Sementara itu, Pemimpin PNM Cabang Palembang, Benny Satria B, menegaskan bahwa peningkatan kapasitas dan pendampingan merupakan bagian penting dalam membantu pelaku usaha meningkatkan kemampuan bisnisnya.
Bagi Lapas Banyuasin, keterlibatan dalam forum tersebut sekaligus menjadi ruang belajar untuk membawa pengelolaan produk warga binaan ke arah yang lebih profesional.
Kepala Lapas Kelas IIA Banyuasin, Reza Meidiansyah Purnama, mengatakan pihaknya melihat kegiatan PKU Akbar sebagai kesempatan untuk memperluas jejaring sekaligus membuka peluang kerja sama dalam pengembangan produk hasil karya warga binaan.
“Kami melihat kegiatan ini sebagai kesempatan untuk menambah wawasan sekaligus membuka ruang kerja sama dalam pengembangan produk hasil karya warga binaan. Pengetahuan mengenai pemasaran digital, pengelolaan usaha, dan legalitas menjadi hal penting agar produk pembinaan dapat dikelola secara lebih baik dan memiliki akses pasar yang lebih luas,” ujar Reza.
Menurutnya, pembinaan kemandirian tidak berhenti pada proses membuat sebuah produk. Tantangan berikutnya adalah memastikan produk tersebut mampu memiliki nilai tambah dan menemukan pasar.
Karena itu, pemahaman terhadap ekosistem usaha menjadi bagian penting dalam proses pembinaan warga binaan.
Dari Balik Lapas Menuju Pasar
Partisipasi Lapas Banyuasin dalam PKU Akbar menunjukkan adanya upaya menghubungkan proses pembinaan di dalam Lapas dengan kebutuhan dunia usaha di luar.
Produk warga binaan yang sebelumnya dihasilkan dalam lingkungan pembinaan kini mulai diperkenalkan ke ruang yang lebih luas, termasuk kepada pelaku UMKM, pemerintah daerah, lembaga keuangan, dan pemangku kepentingan lainnya.

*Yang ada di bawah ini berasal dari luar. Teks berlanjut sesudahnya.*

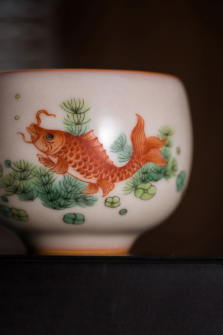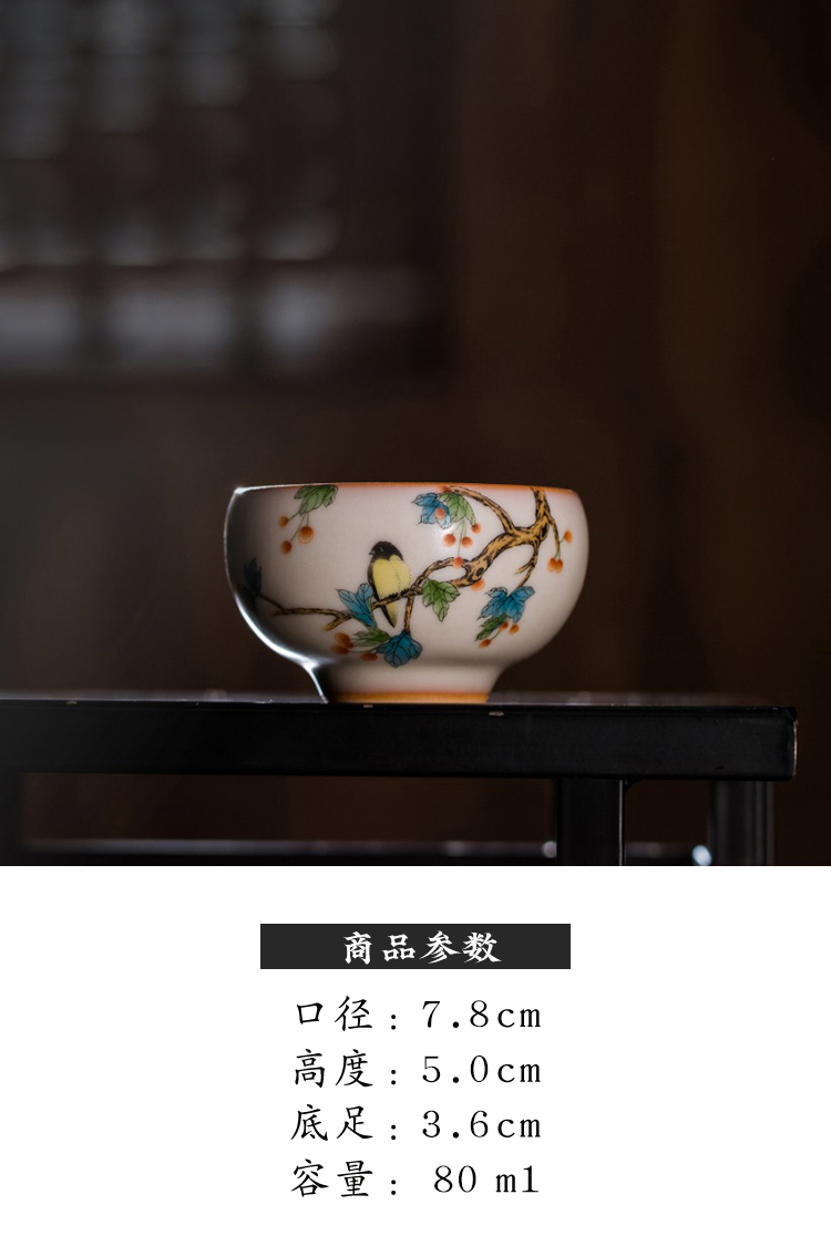 问鼎松涛彩绘哥窑晴雪杯(菊蕊飘香)江涵杯(鸟啼新果)映空杯(倩桃为寿)晴雪杯(梅竹鸟栖)晴雪杯(年年有余)朔风杯(多子石榴)(缺货)

Langkah tersebut sekaligus membuka kemungkinan terbangunnya kolaborasi baru, baik dalam hal pemasaran, peningkatan kualitas produk, pendampingan usaha maupun pengembangan jaringan.
Dengan semakin berkembangnya perdagangan berbasis digital, peluang pasar tidak lagi terbatas pada lingkungan sekitar. Produk yang memiliki kualitas, kemasan, legalitas dan strategi pemasaran yang tepat berpotensi menjangkau konsumen yang lebih luas.
Lapas Banyuasin pun terus mendorong agar keterampilan yang diperoleh warga binaan tidak berhenti sebagai aktivitas selama menjalani masa pidana, tetapi dapat menjadi bekal untuk membangun kemandirian ekonomi setelah kembali ke tengah masyarakat.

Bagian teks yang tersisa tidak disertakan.